Data segment:
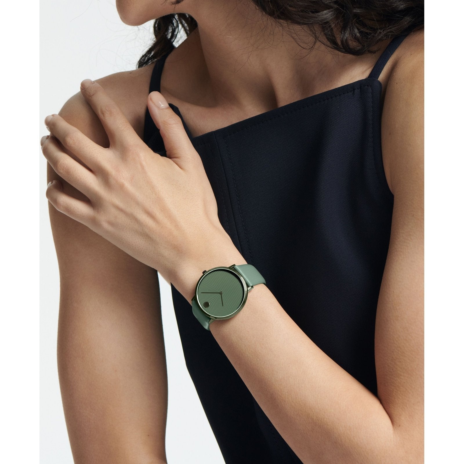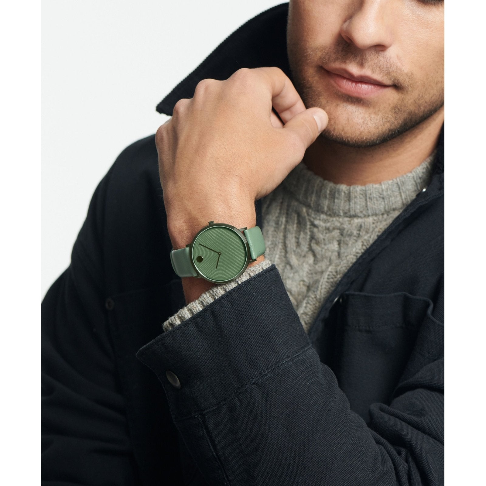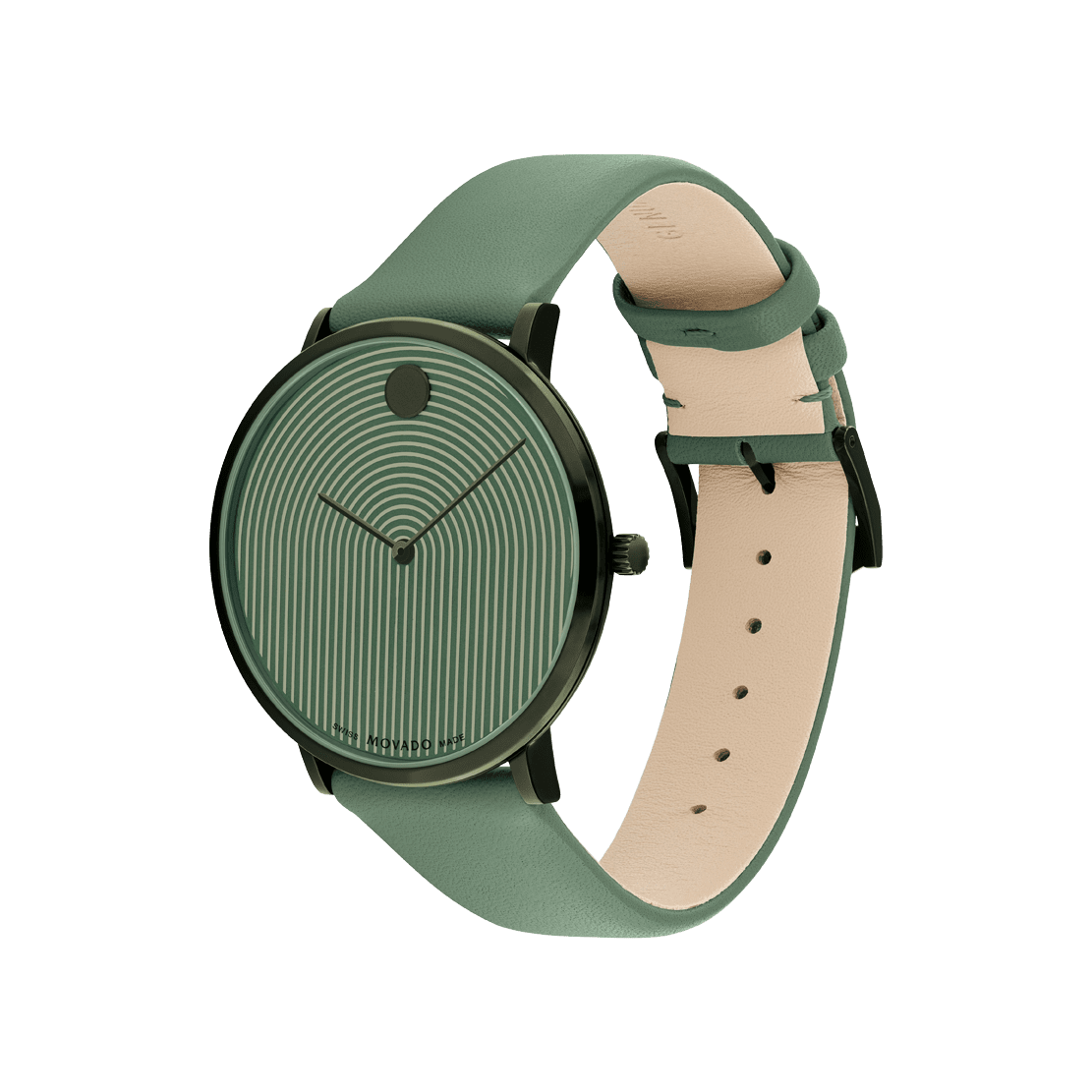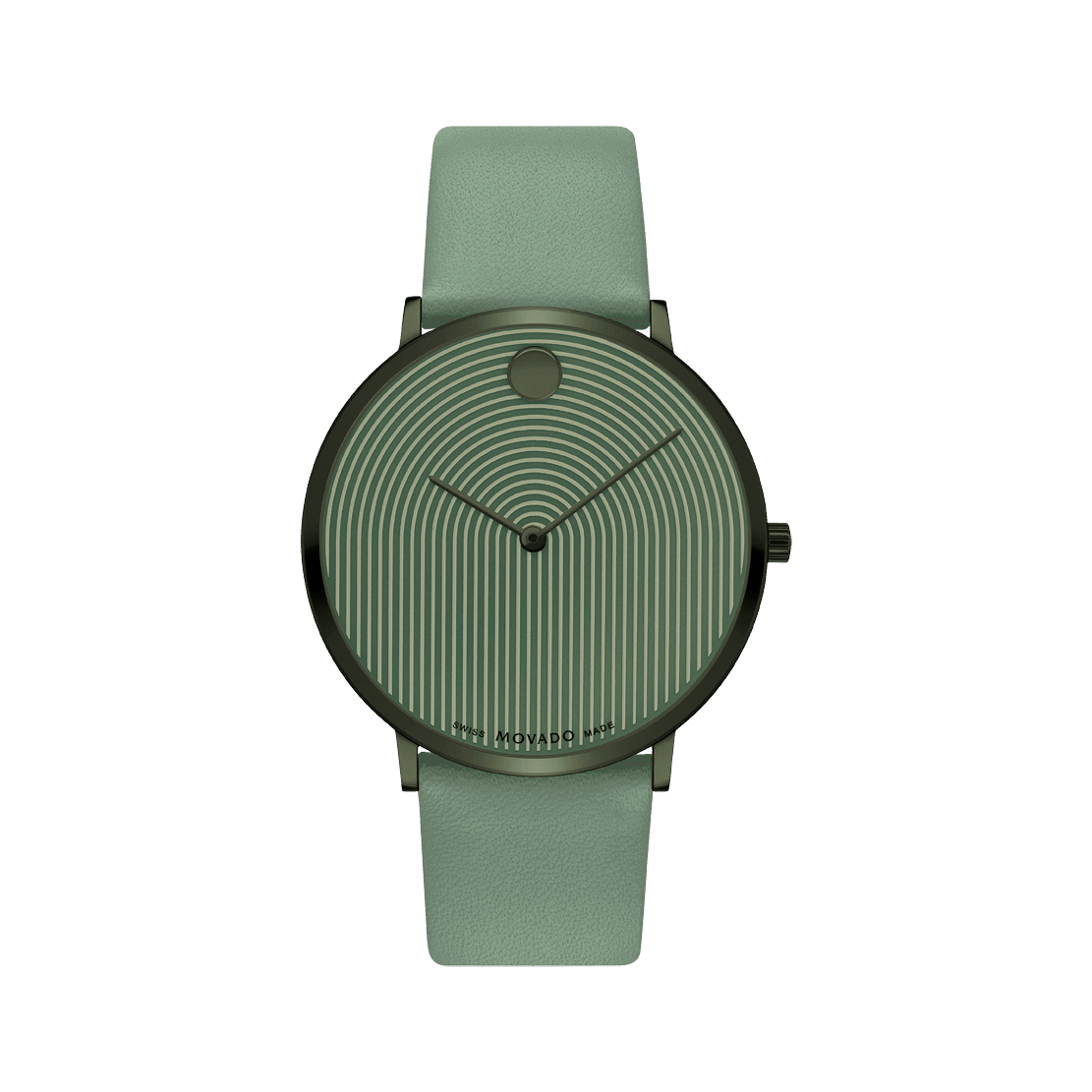 Exclusively at Movado, A colorful, modern take on our most iconic design. This Modern 47 watch pairs monochromatic minimalism with an on-trend arch-patterned dial in verdant fern. It's statement-making 40mm case, slender hands and our signature dot motif are cast in green PVD. A perfectly matched strap crafted from luxurious...
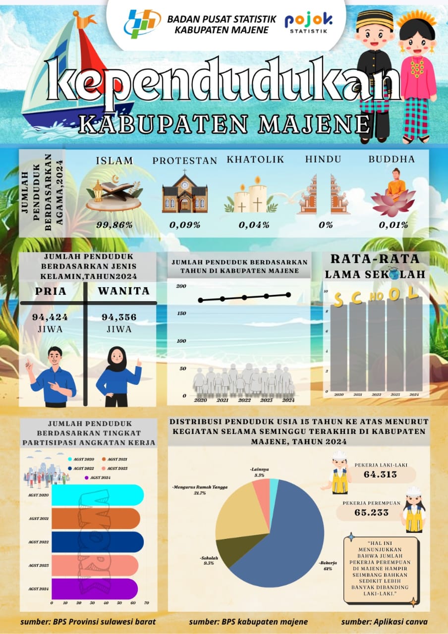 Demografi penduduk Majene 2024 menurut agama, jenis kelamin, rata-rata lama sekolah, jumlah penduduk, tingkat partisipasi angkatan kerja dan distribusi penduduk menurut aktifitas seminggu terakhir
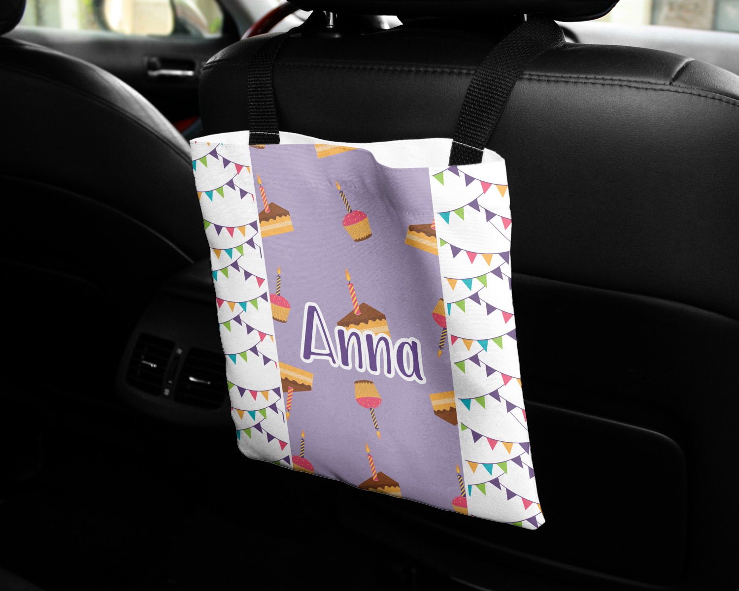 These car back seat organizers are sturdy tote-like bags, fabricated from a robust polyester, and features a single handle on the back side. The strap features an attachable velcro for easy attachment to headrests, grocery carts, car seats, and more. Simply undo the velcro, loop the strap around the headrest, reattach the velcro, and let the organizer hang from the front seat. These car organizers are the perfect means of increasing your backseat's legroom, while storing multiple items in one place for better accessibility. Each car back seat organizer measures at 10 by 10 inches, and features your personalized design printed across its front and back.
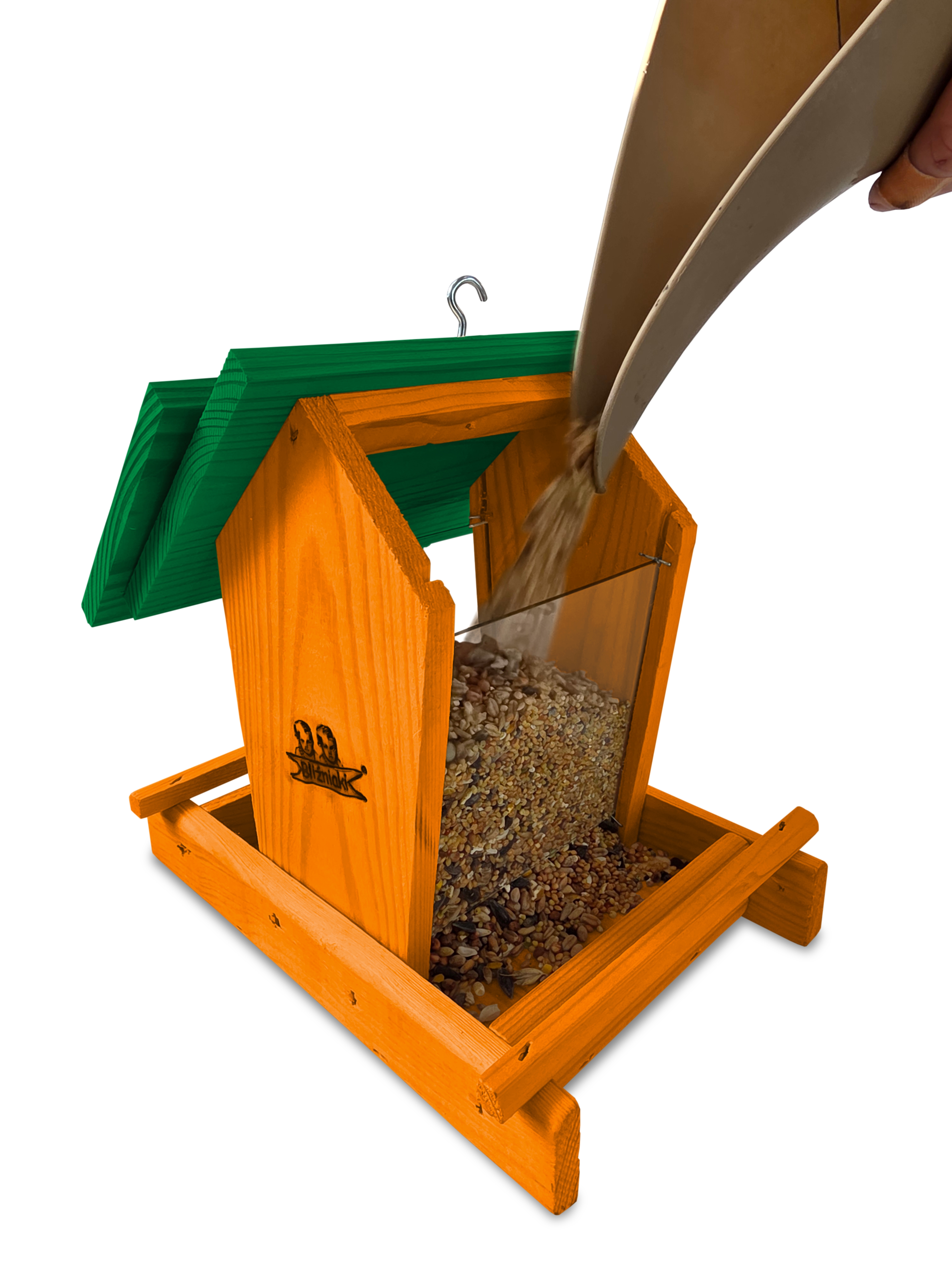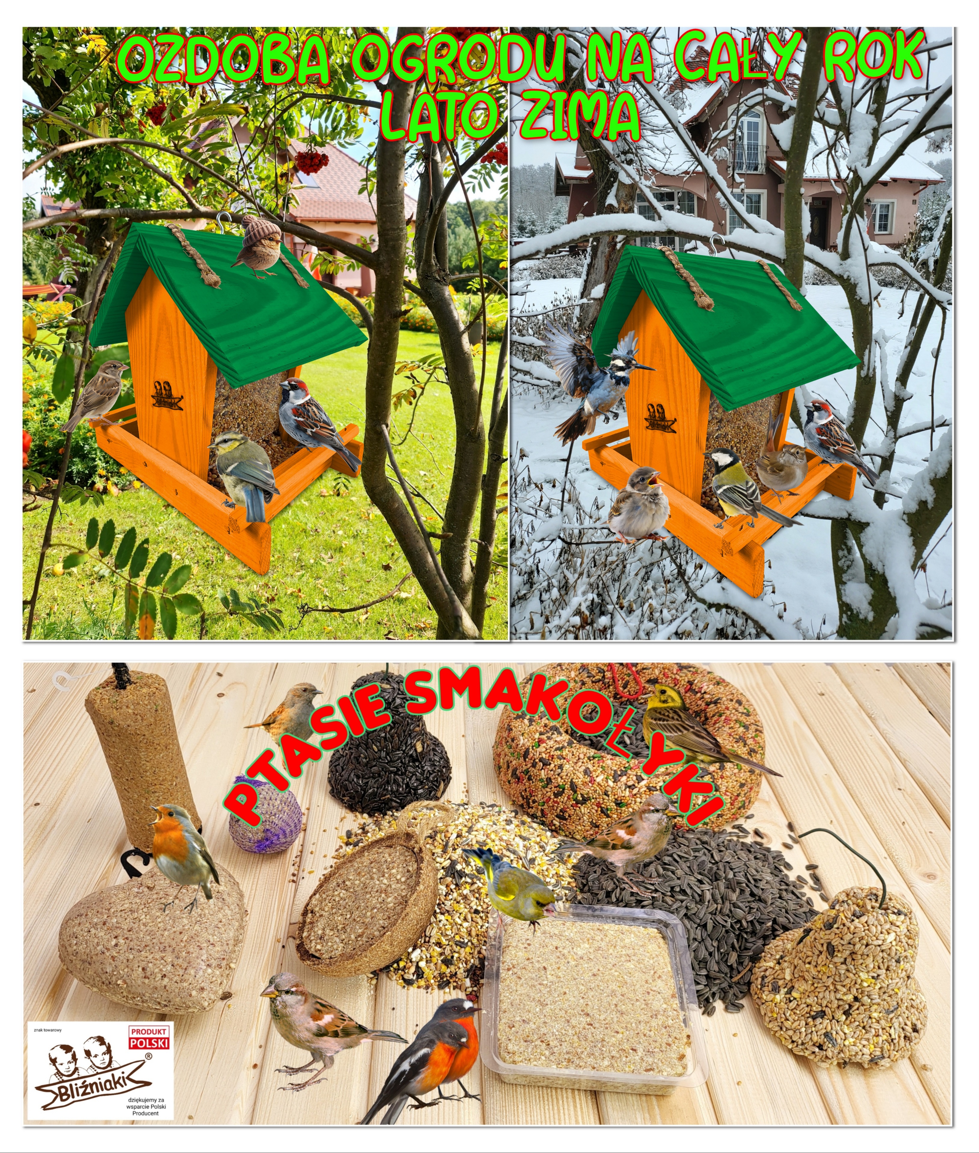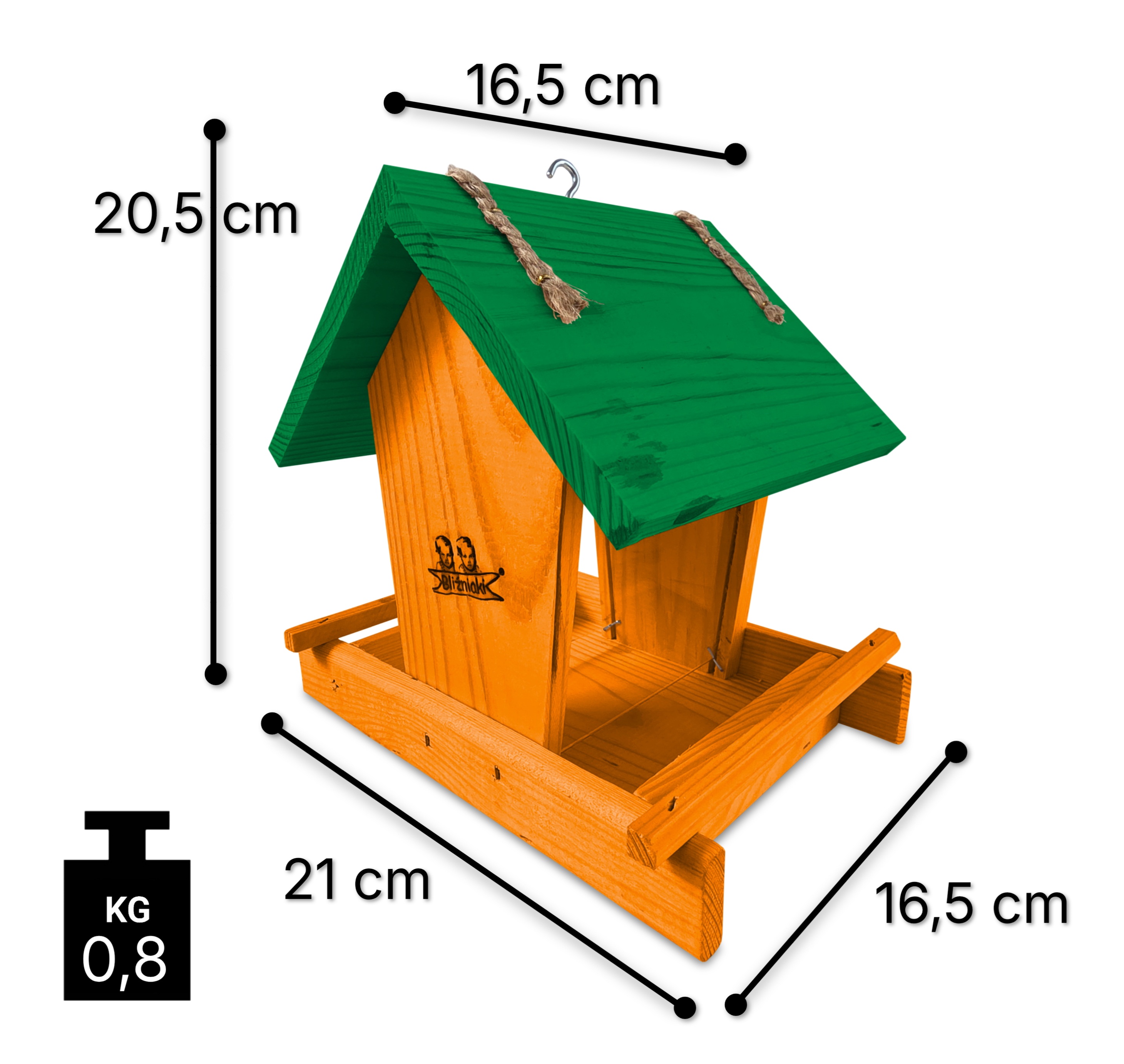 - Karmnik wykonany jest w całości z drewna iglastego, KOLOR POMARAŃCZOWY Z CIEMNOZIELONYM DACHEM

About this exercise:
In the copy, include each line from the start of the material through the line with "Demografi penduduk Majene", word for word, but none of the pictures.

Response:
 Exclusively at Movado, A colorful, modern take on our most iconic design. This Modern 47 watch pairs monochromatic minimalism with an on-trend arch-patterned dial in verdant fern. It's statement-making 40mm case, slender hands and our signature dot motif are cast in green PVD. A perfectly matched strap crafted from luxurious...
 Demografi penduduk Majene 2024 menurut agama, jenis kelamin, rata-rata lama sekolah, jumlah penduduk, tingkat partisipasi angkatan kerja dan distribusi penduduk menurut aktifitas seminggu terakhir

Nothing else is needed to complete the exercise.